Kashmir separatist movement is doomed by association with Pakistan, Pakistan’s self-proclaimation did not find it worth defending
Kashmir Valley is boiling again, a sorry teardrop on the proud face of the Indian Union. About the size of Kuwait or Swaziland, it is home to a small but noxious school of separatists who have made “azadi” a life calling, sometimes turning it into a business proposition, going by how well some of the leaders are thriving while serving up their followers as cannon fodder. Happens with a lot of “liberation movements”.
But with each passing year, their movement finds less traction in the world, even as it remains the self-proclaimed core of Pakistan’s existence, expressed in the slogan “Kashmir banega Pakistan“. Why doesn’t the world care, they wonder, as do their Pakistani patrons. Loose figures such as “1,00,000 killed” in two decades of insurgency (which would break down into some 400 people killed every month, or 14 every day) are bandied about in the hope that it somehow catches world attention, according to economictimes.com.
Not happening. Even the periodic, egregious and acknowledged excesses of Indian armed forces, which shouldn’t be entrusted with policing duties in the first place, barely elicit a flicker of concern in human rights circles. Of course, that is hardly a reason for the Indian state to feel smug.
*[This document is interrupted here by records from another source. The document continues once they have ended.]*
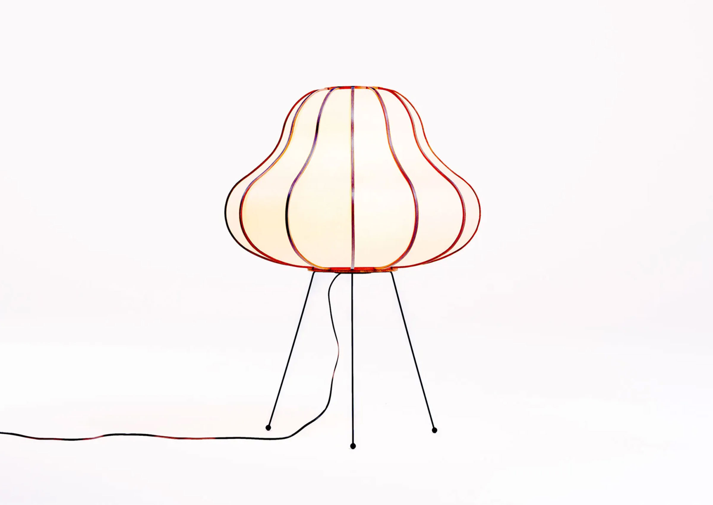 The Hozuki lighting series features fluid, interconnected curves that enhance its dimensionality and create subtle shadows. Available in pendant and floor-standing models, the minimalist design suits various spaces, whether used singly or in groups. The organic shape of the curves adds warmth and cohesion to interiors, providing both an artistic and functional lighting solution. Hozuki’s understated elegance and innovative design make it a versatile piece that complements modern and contemporary environments while offering a distinctive lighting experience.
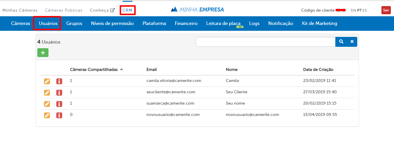 Estando logado na sua plataforma, acesse o menu “CRM” e em seguida “Usuários”:
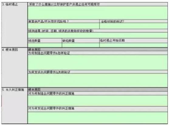 8D格式的原则上针对出现的问题,找出问题产生的根本原因,提出短期,中期和长期对策并采取相应行动措施;
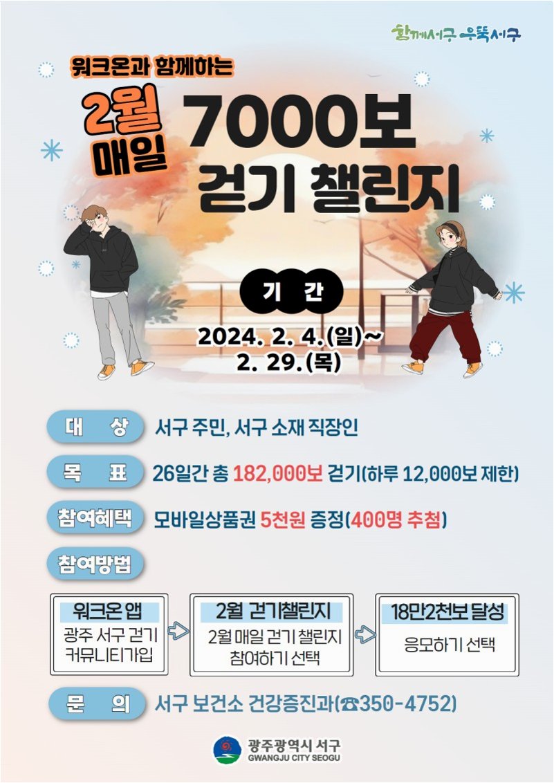 호주 시드니대학교 연구팀은 하루 7000보 걷기가 우리 몸에 놀라운 변화를 가져온다는 사실을 입증했습니다. 연구에 따르면, 7000보를 걸으면 심혈관 질환, 암, 치매, 우울증의 위험을 크게 낮출 수 있습니다. 특히, 심혈관 질환 위험은 25%, 치매는 무려 38%나 감소하는 것으로 나타났습니다. 이제 1만보에 얽매이지 않고, 7000보를 목표로 건강한 삶을 시작해 보세요.
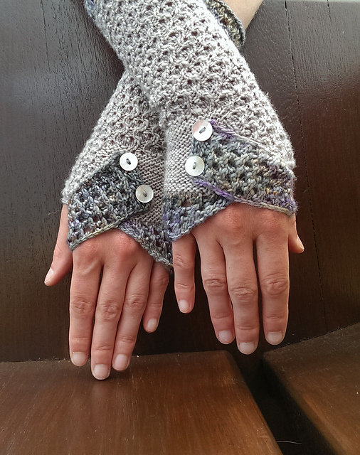 New to me is designer Liz Corke. I found these fingerless mitts, and I think they are so delicate and elegant. I’m looking for just the right fingering weight in my stash. These are the Dromanach Mitts.

If anything, it should alert New Delhi to the window of opportunity to quickly resolve the issue.
India’s growing strategic, diplomatic and economic heft, the ability this gives New Delhi to fashion the narrative, and its capacity to both absorb insurgencies and successfully integrate them into the Indian Union, is just one reason why the world is largely cool to the Kashmir issue.
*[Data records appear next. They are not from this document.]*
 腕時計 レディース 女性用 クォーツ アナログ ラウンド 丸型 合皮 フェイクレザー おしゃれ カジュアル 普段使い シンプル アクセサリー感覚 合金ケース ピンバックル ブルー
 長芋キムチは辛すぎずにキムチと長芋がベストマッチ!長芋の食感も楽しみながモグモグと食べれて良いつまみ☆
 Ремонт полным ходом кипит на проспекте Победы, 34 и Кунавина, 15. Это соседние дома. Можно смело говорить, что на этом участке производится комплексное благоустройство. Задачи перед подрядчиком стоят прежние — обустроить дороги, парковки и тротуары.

The other reason is there are more than 100 separatist movements across the globe, including a dozen major ones, and there is little appetite or bandwidth in world capitals to entertain another one from a much-admired democracy, warts and all. Compared to civil wars in the Middle East and Africa, Kashmir is a walk in the park, its tragic individual dimension apart.
But by far the biggest advantage India has on world stage is Pakistan’s association with Kashmir – a kiss of death for the separatist movement. Kashmiris may have legitimate grievances, as do people without adequate voice and opportunities anywhere in the world, whether it is blacks and Native Americans in the US, Baloch and Hindus in Pakistan, Adivasis and Muslims elsewhere in India.
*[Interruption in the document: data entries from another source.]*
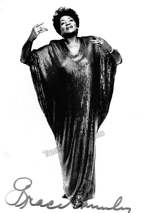 Nice black-and-white photograph signed by her, shown in performing pose. Size is 4.9 x 6.9 inches, some superficial damage over the top border (not affecting image or signature), otherwise in very good condition.
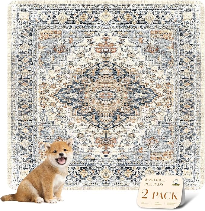 nunubaby Washable Pee Pads for Dogs, Stylish, Non-Slip and Leak-Proof Pee Pads. Reusable Potty Pads for Dogs for Crates and Floors.(Beige/Multi, 36" x36" )
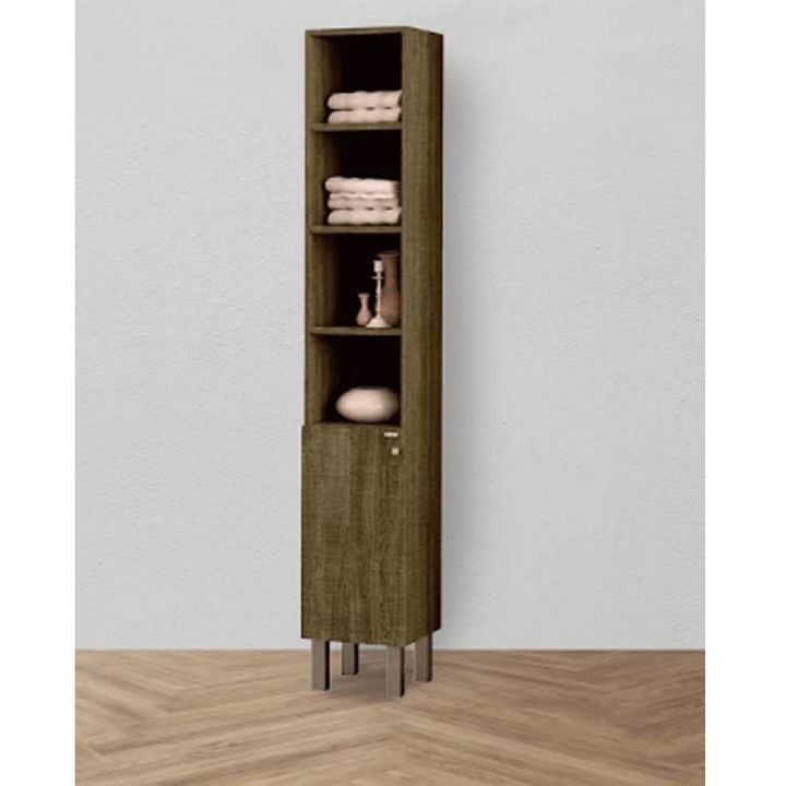 Módulo alto con una puerta. Melamina texturada de 18 mm de espesor. Tiradores metálicos. 5 estantes. Patas regulables en altura. Alto: 1.81 mts. Ancho: 0.30 mts. Profundidad: 0.30 mts.

However, to believe their salvation lies in sustenance from a state whose public record of grooming terrorists groups and hosting them, and of disenfranchising and exterminating minorities – even Muslim minorities – discredits their “azadi movement” like nothing else. Doomed by association, you could call it.
Irredentist and separatist Kashmiris, and for that matter Pakistanis themselves, have no idea how badly off Pakistan is in the international arena. The latest edition of G20, where Prime Minister Narendra Modi implicitly raised the issue of Pakistani sponsorship of terrorism, offers a pretty stark idea of Pakistan’s marginalisation.
Modi’s assertion brooked no challenge or response because Pakistan, the world’s sixth most populous country, does not make the G20 cut, and the nearly score of countries there, including Pakistan’s self-proclaimed allies such as Saudi Arabia, Turkey and China, did not find it worth defending.
In fact, Pakistan does not even make observer status at G20 (Kazakhstan, Egypt and Chad were invitees this time; Nigeria and Azerbaijan have attended previous G20s). The reason for this is fairly simple. Pakistan has nothing to offer to the world except trouble – usually in the form of terrorism and mostly in the form of belligerent expansionism.
It has smeared the Kashmir movement and its own reputation with its toxic sponsorship of terrorism not just in India, but also across the region in pursuit of “strategic depth”. It stands condemned across the world on account of a mindset created by its official and constitutional slide into extremism. It is a state in terminal decline. Soon Maharashtra will have a larger economy.
Small wonder hoots of laughter followed reports that Islamabad is dispatching 22 of its parliamentarians to world capitals to lobby on the Kashmir issue, after television interviews showed some of its lawmakers hadn’t the foggiest idea of the subject, not even the falsified UN Resolution that Islamabad cites so often.
Pakistan has never told its people – and nor has India told the world – the truth: that the UN Resolution was not only non-binding to begin with, but it has been rendered infructuous since because Pakistan never fulfilled its obligation to vacate its occupation of Kashmir as it was called upon to. It also compounded the violation by parcelling off a large part of the state to China. End of resolution.
Many Pakistanis believe, under state tutelage, that it has endured India’s depredation; that the four wars it fought with India were inflicted by New Delhi. No word about Indian magnanimity in sustaining it with not just water but engaging it on equal terms because New Delhi believed – correctly – that we are people of common ancestry.
That forbearance may now be drawing to an end. Developments over the last few weeks suggest New Delhi will adopt a more robust diplomatic approach on Kashmir, including of naming and shaming Pakistan in international fora where Islamabad has no credibility or clout because of its embrace of terror groups and its faltering economy. Isolating Pakistan and relieving Kashmiris of the odium of any association with a withering state may provide a different route to resolution of the issue.